» **WHAT YOU HAVE TO DO**
From the entries, copy out every line in which the word "Congress" is found.

» **LISTED ENTRIES**
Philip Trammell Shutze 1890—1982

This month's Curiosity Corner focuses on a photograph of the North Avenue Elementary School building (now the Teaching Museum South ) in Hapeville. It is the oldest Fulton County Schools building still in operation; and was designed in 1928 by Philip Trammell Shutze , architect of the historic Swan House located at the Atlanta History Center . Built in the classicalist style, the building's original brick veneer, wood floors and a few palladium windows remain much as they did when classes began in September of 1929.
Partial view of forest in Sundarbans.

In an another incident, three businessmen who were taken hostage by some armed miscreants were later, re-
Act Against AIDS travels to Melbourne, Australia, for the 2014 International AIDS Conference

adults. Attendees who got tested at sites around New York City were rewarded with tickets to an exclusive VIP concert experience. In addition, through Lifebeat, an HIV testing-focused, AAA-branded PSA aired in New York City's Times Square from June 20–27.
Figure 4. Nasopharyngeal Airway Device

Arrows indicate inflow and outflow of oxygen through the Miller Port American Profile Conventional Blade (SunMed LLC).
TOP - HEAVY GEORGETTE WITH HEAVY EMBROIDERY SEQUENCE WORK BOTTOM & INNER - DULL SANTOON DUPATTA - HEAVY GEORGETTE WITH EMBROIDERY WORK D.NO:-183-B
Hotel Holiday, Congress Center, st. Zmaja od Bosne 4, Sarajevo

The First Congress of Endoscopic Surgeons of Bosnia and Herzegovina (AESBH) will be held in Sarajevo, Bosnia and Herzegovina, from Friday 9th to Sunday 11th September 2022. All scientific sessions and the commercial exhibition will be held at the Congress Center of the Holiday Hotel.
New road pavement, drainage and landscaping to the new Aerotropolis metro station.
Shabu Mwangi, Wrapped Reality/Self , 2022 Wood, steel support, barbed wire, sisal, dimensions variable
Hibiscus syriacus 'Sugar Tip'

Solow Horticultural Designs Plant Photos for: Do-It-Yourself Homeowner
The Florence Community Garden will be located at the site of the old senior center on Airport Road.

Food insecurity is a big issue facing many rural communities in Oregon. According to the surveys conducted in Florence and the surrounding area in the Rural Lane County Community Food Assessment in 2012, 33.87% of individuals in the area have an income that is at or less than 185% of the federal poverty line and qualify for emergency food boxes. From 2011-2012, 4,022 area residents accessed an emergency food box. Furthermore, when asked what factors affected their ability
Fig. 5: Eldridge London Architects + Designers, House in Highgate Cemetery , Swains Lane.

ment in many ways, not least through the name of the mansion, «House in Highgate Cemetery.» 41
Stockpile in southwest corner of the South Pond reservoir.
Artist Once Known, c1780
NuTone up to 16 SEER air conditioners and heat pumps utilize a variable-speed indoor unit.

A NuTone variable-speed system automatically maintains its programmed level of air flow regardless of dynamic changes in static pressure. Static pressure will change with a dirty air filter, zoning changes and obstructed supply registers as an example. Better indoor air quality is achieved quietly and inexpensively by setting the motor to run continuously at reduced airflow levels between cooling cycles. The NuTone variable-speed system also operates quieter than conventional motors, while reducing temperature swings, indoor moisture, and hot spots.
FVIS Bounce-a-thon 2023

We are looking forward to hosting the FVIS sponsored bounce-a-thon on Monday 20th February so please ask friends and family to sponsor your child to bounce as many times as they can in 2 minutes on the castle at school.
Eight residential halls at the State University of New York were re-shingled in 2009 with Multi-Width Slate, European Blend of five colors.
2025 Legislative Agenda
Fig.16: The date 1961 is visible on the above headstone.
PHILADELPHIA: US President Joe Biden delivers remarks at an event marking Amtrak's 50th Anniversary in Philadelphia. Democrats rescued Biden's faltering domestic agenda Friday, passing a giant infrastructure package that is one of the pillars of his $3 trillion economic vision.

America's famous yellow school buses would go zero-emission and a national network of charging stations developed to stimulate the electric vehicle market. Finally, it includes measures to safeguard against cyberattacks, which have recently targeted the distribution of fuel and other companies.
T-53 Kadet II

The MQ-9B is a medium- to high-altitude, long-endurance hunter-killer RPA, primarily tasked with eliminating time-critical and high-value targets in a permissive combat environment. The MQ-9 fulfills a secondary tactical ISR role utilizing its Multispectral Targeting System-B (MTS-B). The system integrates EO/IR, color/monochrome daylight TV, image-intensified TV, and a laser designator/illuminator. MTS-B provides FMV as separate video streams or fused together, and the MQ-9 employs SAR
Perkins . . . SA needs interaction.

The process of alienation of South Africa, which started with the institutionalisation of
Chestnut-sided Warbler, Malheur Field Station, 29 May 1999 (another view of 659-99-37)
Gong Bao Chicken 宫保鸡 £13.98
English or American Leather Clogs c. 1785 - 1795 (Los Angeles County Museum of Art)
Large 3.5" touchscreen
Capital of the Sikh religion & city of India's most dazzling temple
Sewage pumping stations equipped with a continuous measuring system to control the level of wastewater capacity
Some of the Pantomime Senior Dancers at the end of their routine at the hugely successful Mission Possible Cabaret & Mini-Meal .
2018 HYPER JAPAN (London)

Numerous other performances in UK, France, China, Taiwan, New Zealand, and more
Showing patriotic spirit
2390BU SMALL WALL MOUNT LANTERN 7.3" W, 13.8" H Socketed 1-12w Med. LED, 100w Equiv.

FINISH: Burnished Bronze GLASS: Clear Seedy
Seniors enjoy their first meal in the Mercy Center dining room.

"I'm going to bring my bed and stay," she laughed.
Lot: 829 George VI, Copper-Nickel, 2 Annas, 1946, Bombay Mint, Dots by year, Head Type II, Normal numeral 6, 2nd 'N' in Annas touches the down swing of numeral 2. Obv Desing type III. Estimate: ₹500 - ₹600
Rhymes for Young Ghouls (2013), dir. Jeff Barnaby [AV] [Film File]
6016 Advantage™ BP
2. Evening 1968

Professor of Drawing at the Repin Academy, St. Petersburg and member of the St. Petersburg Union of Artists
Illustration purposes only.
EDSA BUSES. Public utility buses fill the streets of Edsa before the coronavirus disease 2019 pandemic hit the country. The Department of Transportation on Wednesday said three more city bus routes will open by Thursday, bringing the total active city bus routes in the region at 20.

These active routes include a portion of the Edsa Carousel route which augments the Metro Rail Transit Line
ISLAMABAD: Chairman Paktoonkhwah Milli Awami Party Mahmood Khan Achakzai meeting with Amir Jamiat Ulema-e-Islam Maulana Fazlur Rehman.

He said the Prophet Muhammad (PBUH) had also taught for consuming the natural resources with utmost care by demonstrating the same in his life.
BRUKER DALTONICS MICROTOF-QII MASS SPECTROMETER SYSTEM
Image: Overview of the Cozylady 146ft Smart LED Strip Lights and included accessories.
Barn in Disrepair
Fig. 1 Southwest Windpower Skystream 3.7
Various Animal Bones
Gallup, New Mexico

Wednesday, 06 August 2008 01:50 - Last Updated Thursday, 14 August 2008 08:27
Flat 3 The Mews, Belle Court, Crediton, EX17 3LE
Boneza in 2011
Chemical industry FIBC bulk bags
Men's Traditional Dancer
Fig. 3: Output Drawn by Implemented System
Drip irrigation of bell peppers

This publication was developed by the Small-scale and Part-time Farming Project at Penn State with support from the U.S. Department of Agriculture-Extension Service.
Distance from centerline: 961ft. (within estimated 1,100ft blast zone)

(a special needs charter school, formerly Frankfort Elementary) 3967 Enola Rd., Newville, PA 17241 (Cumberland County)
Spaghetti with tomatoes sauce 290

» **RESPONSE**
Hotel Holiday, Congress Center, st. Zmaja od Bosne 4, Sarajevo
The First Congress of Endoscopic Surgeons of Bosnia and Herzegovina (AESBH) will be held in Sarajevo, Bosnia and Herzegovina, from Friday 9th to Sunday 11th September 2022. All scientific sessions and the commercial exhibition will be held at the Congress Center of the Holiday Hotel.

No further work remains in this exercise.